RECORDED INFORMATION>
────

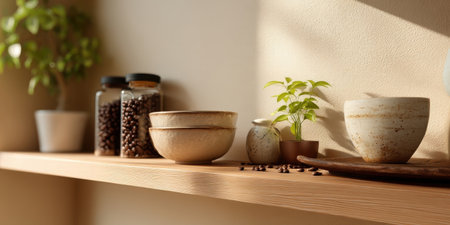 Coffee bean jar bowl plant ceramic cup on wooden shelf with warm sunlight in cozy kitchen
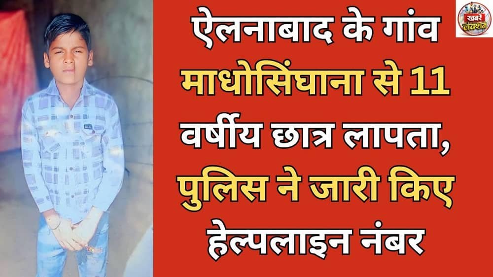 ऐलनाबाद, 17 फरवरी (डॉ. एम.पी. भार्गव, विशेष संवाददाता)। ऐलनाबाद के निकटवर्ती गांव माधोसिंघाना से 11 वर्षीय छात्र अभिषेक गोस्वामी के लापता होने का मामला सामने आया है। घटना के बाद से परिजनों में गहरा सदमा है और पुलिस ने छात्र की तलाश के लिए व्यापक स्तर पर अभियान शुरू कर दिया है।
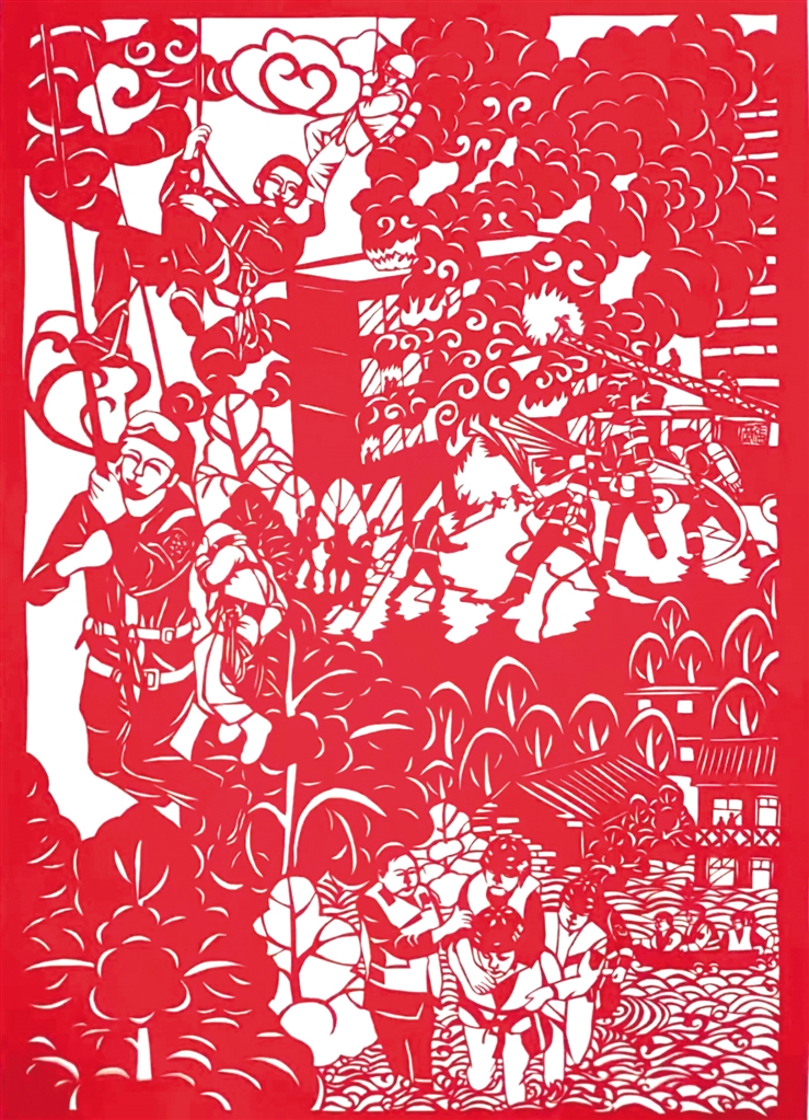 2022年,張莉的剪紙作品在“我與火焰藍(lán)”安康消防授旗訓(xùn)詞三周年風(fēng)采繪畫大賽中,榮獲“成人組優(yōu)秀作品獎”,并被主辦方收藏。2023年張莉帶隊參加“德潤安康”安康市首屆校園科技藝術(shù)節(jié),在剪紙區(qū),小隊員們發(fā)揮巧思妙想,精心設(shè)計、細(xì)心折剪,只見刀尖一開一合,紅紙不斷翻轉(zhuǎn),一幅幅栩栩如生、惟妙惟肖的作品就讓觀眾親眼見證了“刀光剪影”的神奇。隊員們嫻熟的技藝,精美的作品迅速吸引了許多人駐足參觀。Hkt安康新聞網(wǎng)

────

WORK INSTRUCTION>
Print the data above exactly; drop every picture.

COMPLETED EXERCISE>
 Coffee bean jar bowl plant ceramic cup on wooden shelf with warm sunlight in cozy kitchen
 ऐलनाबाद, 17 फरवरी (डॉ. एम.पी. भार्गव, विशेष संवाददाता)। ऐलनाबाद के निकटवर्ती गांव माधोसिंघाना से 11 वर्षीय छात्र अभिषेक गोस्वामी के लापता होने का मामला सामने आया है। घटना के बाद से परिजनों में गहरा सदमा है और पुलिस ने छात्र की तलाश के लिए व्यापक स्तर पर अभियान शुरू कर दिया है।
 2022年,張莉的剪紙作品在“我與火焰藍(lán)”安康消防授旗訓(xùn)詞三周年風(fēng)采繪畫大賽中,榮獲“成人組優(yōu)秀作品獎”,并被主辦方收藏。2023年張莉帶隊參加“德潤安康”安康市首屆校園科技藝術(shù)節(jié),在剪紙區(qū),小隊員們發(fā)揮巧思妙想,精心設(shè)計、細(xì)心折剪,只見刀尖一開一合,紅紙不斷翻轉(zhuǎn),一幅幅栩栩如生、惟妙惟肖的作品就讓觀眾親眼見證了“刀光剪影”的神奇。隊員們嫻熟的技藝,精美的作品迅速吸引了許多人駐足參觀。Hkt安康新聞網(wǎng)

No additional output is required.